The UK Chief of the Air Staff (CAS), Air Chief Marshal (ACM) Richard Knighton, called on Nato to conduct an operational level exercise in Europe to test command and control (C2) among allies.
“We need to test, train, and educate our people in the real world,” Knighton stressed to international counterparts during the Chief of the Air Staff’s Global Air and Space Chief’s Conference on 17 July 2025.
The CAS pointed to a recent exercise led by the United States Air Force Warfare Center, which hosted more than 10,000 air force personnel among Australia, Canada, the UK and US from California in February this year.
“Exercises like Bamboo Eagle [25-1] provide high end, multi domain, multinational, long range exercises where we can test and train ourselves against these kinds of scenarios”.
However, the European continent, which covers less than four million square miles, has proved far less conducive to the large-scale exercises that are played out across the Indo-Pacific expanse, which is considerably larger, exceeding one hundred million square miles.
But this is not impossible as another 10,000 troops from nine different nations proved earlier this year in Nato Exercise Steadfast Dart, which took place in Bulgaria, Romania, and Greece. Although, the aim was to project the Allied Response Force rather than enhancing C2.

In his speech, the CAS suggested that Finland and Sweden “are keen to help” as their airspace would be able to cater to this ambitious, operational level exercise across all domains with unrestricted airspace in the Arctic clime.
“We’ve talked and sat around the Nato air chief’s table about creating some airspace that we can turn on and off” for military use over the North Sea, for example. “But for our agencies and our airlines, [it was] all just a bit too difficult,” the CAS acknowledged.

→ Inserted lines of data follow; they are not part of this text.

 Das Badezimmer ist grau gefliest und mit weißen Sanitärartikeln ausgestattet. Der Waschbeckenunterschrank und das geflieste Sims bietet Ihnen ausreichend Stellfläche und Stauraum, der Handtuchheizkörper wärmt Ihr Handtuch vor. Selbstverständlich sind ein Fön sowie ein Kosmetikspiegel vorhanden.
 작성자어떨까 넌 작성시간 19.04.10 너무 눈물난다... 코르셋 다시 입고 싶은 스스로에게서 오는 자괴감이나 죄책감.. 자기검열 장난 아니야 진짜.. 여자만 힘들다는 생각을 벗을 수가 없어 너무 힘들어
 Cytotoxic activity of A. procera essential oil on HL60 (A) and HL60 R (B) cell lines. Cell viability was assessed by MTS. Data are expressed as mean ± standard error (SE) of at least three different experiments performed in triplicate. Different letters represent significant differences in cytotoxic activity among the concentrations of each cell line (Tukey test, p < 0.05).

“We can think about how we run a particular mission at a tactical level, integrating multiple effects. We do that really well” already, Knighton observed. This is demonstrated by the Nato air policing initiative with four to six jets at any one time on a rotational basis.
Real world and simulation
The Royal Air Force (RAF), meanwhile, resolved this containment by leaning increasingly on simulation training systems such as Gladiator.

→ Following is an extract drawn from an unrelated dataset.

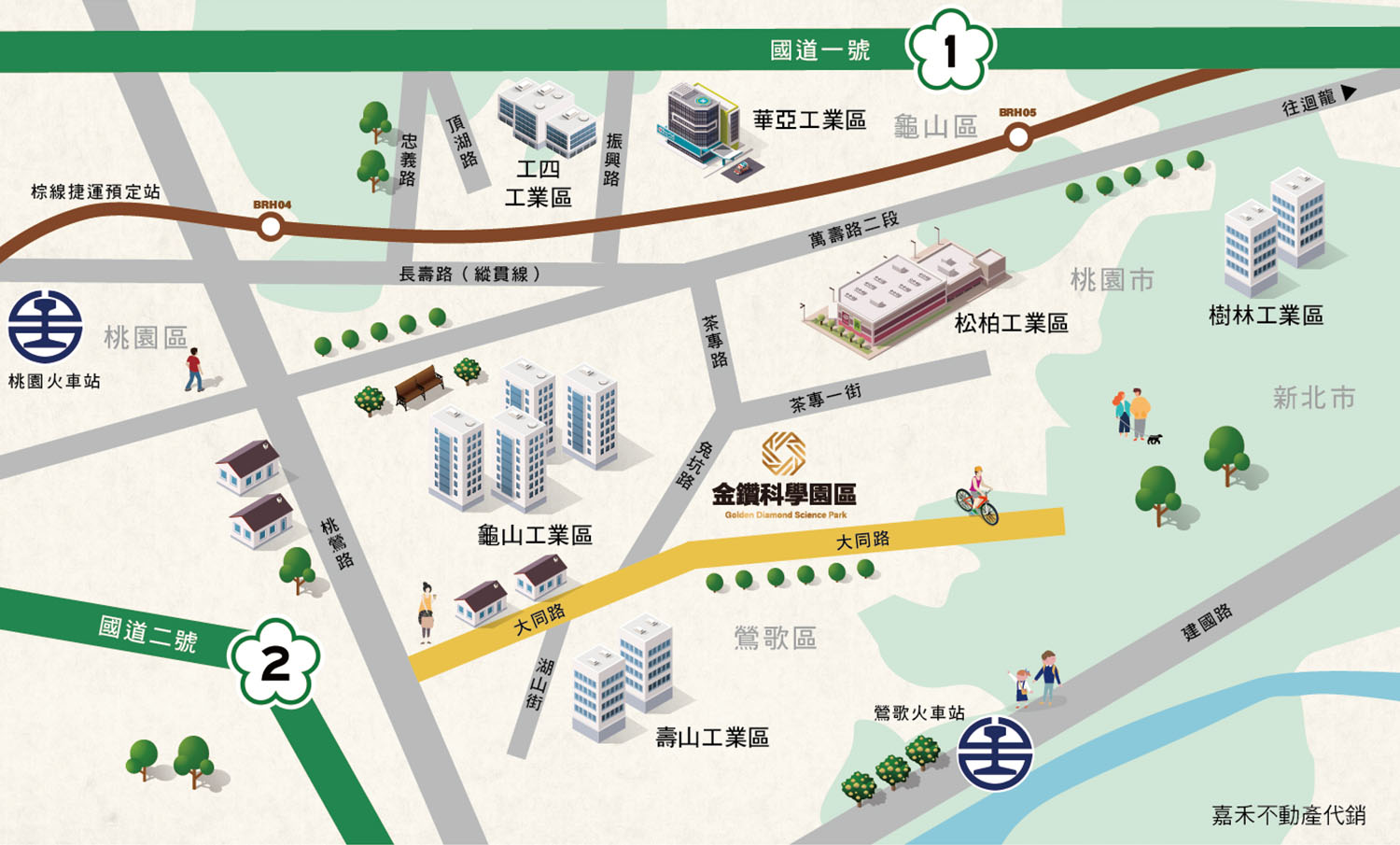 金鑽科學園區周邊擁有多家知名科技大廠,包括華亞科技園區、研華科技、凌華科技、華碩電腦、廣達電腦、仁寶電腦等,這些企業在電子製造、資訊科技等領域具有領先地位,此區域的科技產業園區和工業區設施完善,吸引了眾多國內外企業進駐,形成了完整的產業鏈,促進了台灣科技產業的發展。

Gladiator functions as a central hub that integrates single-purpose simulators into one virtual environment allowing operators with different roles to train together. In April this year, the service contracted Boeing, the original equipment manufacturer, to add even more siloed simulators to the hub, growing the UK’s virtual training space.
Knighton had previously sat alongside his predecessor, ACM Mike Wigston, as the two pressed the virtues of cost-effectiveness and experimentation that come with operating in a simulated environment during a Defence Committee hearing in February 2023.
Of course, it is not black and white. The USAF, with the help of Cubic Defense, has demonstrated the perks of a live, virtual and constructive environment using their SLATE pods on live fighter aircraft, replicating the adversary, against a live blue force.